JAX Featured

How to load datasets in JAX with TensorFlow

Derrick Mwiti

Jul 18, 2022 • 5 min read

How to load datasets in JAX with TensorFlow.

JAX doesn't ship with data loading utilities. This keeps JAX focused on providing a fast tool for building and training machine learning models. Loading data in JAX is done using either TensorFlow or PyTorch. In the Image classification with JAX & Flax tutorial, we saw how to load image data with PyTorch. This article will focus on how to load datasets in JAX using TensorFlow.

Let's dive in!

How to load text data in JAX

Let's use the IMDB dataset from Kaggle to illustrate how to load text datasets with JAX. We'll use the Kaggle Python library to download the data.
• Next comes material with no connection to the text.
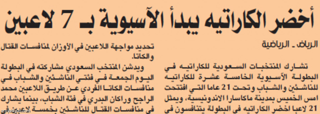 أخضر الكاراتيه يبدأ الآسيوية بـ 7 لاعبين

That requires your Kaggle username and key. Head over https://www.kaggle.com/your_username/ account to obtain the API key.
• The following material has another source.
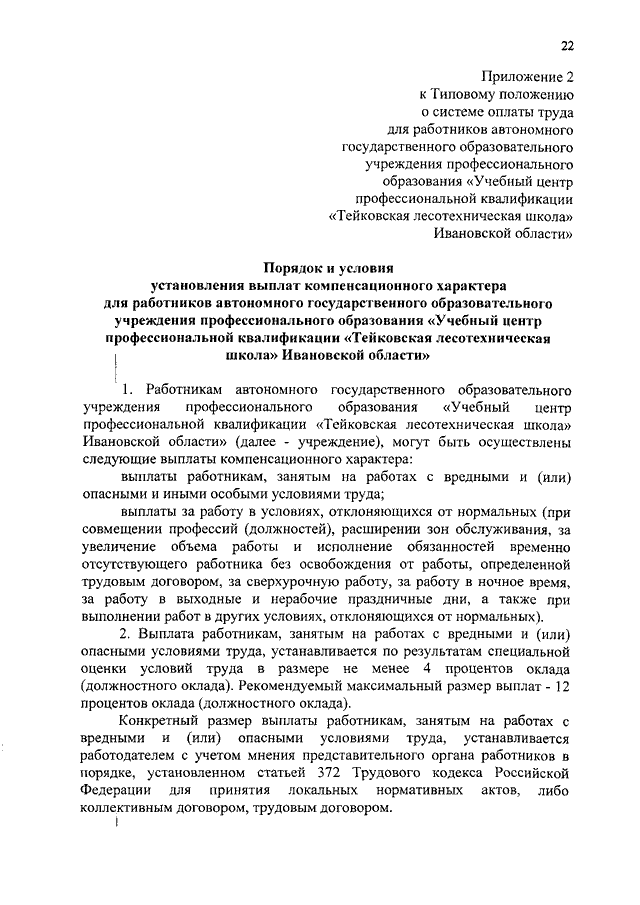 Постановление Правительства Ивановской области от 12.11.2018 N 316-п "О внесении изменений в постановление Правительства Ивановской области от 31.12.2008 N 365-п "О системе оплаты труда работников автономного государственного учреждения Ивановской области и областных государственных казенных учреждений, подведомственных комитету Ивановской области по лесному хозяйству" (вместе с "Типовым положением о системе оплаты труда для работников автономного государственного образовательного учреждения профессионального образования "Учебный центр профессиональной квалификации "Тейковская лесотехническая школа" Ивановской области")

The library downloads the data as a zip file. We'll therefore extract it afterward.

Next, import the standard data science packages and view a sample of the data.

Clean the text data

Let's do some processing of the data before we proceed to load it using TensorFlow. Standard processing in text problems is to remove stop words. Stop words are common words such as a , the that don't help the model in identifying the polarity of a sentence. NLTK provides the stops words. We can, therefore, write a function to remove them from the IMDB dataset.

Label encode the sentiment column

Convert the sentiment column to numerical representation using Scikit-learn's label encoder. This is important because neural networks expect numerical data.

Text preprocessing with TensorFlow

We have converted the sentiment column to a numerical representation. However, the reviews are still in text form. We need to convert them to numbers as well.

We start by splitting the dataset into a training and testing set.

Next, we use TensorFlow's TextVectorization function to convert the text data to integer representations. The function expects:

standardize used to specify how the text data is processed. For example, the lower_and_strip_punctuation option will lowercase the data and remove punctuations.
max_tokens dictates the maximum size of the vocabulary.
output_mode determines the output of the vectorization layer. Setting int outputs integers.
output_sequence_length indicates the maximum length of the output sequence. This ensures that all sequences have the same length.

import tensorflow as tf
max_features = 5000  # Maximum vocab size.
batch_size = 32
max_len = 512 # Sequence length to pad the outputs to.
vectorize_layer = tf.keras.layers.TextVectorization(standardize='lower_and_strip_punctuation',max_tokens=max_features,output_mode='int',output_sequence_length=max_len)
vectorize_layer.adapt(X_train,batch_size=None)

Next, apply this layer to the training and testing data.

Convert the data to a TensorFlow dataset and create a function to fetch the data in batches. We also convert the data to NumPy arrays because JAX expects NumPy or JAX arrays.

The data is now in the right format and to be passed to a Flax network. We have already seen how to build a network in Flax.

Let's quickly walk through the rest of the steps required to train neural networks in Flax using this data. Read the image classification with JAX and Flax article for more details about training models in Flax.

First, create a simple neural network in Flax.

Define a function to compute the loss.

Next, define the function to compute the network metrics.

The training state is used to track the network training. It tracks the optimizer and model parameters and can be modified to track other things such as dropout and batch normalization statistics.

In the training step, we Apply the model to obtain the loss. This is then used to compute the gradients that update the model parameters.

The evaluation step applies the model to the testing data to compute the test metrics.

The evaluation function runs the above evaluation step to obtain the evaluation metrics.

We use the get_train_batches function in the train_epoch method. We loop through the batches as we apply the train_step method. We obtain the train metrics and return them.

The final step is to train the network on the training set and evaluate it on the test set. A training state is required before training the model. This is because JAX expects pure functions.

How to load image data in JAX

Let's now see how we can load image data with TensorFlow. We'll use the popular cats and dogs images from Kaggle. We start by downloading the data.

Next, create a Pandas DataFrame containing the labels and paths to the images.

The next step is to define an ImageDataGenerator for scaling the images and performing simple augmentation.

Load the images using the flow_from_dataframe of these generators. This will match the image paths in the DataFrame to the images we downloaded.

Loop through the training set to confirm that a batch of images are being generated.

The next step is to define a network and pass the data. The steps are similar to what we did for the text data above. Check the Image classification with JAX & Flax article to see how to train convolutional neural networks with JAX and Flax.

How to load CSV data in JAX

You can use Pandas to load CSV data as we did for the text data at the beginning of the article. Convert the data to NumPy or JAX arrays once preprocessing is done. Passing Torch tensors or TensorFlow tensors to JAX neural networks will result in an error.

Final thoughts

This article shows how you can use TensorFlow to load datasets in JAX and Flax applications. We have walked through an example of loading text data with TensorFlow. After that, we discussed loading image and CSV data in JAX.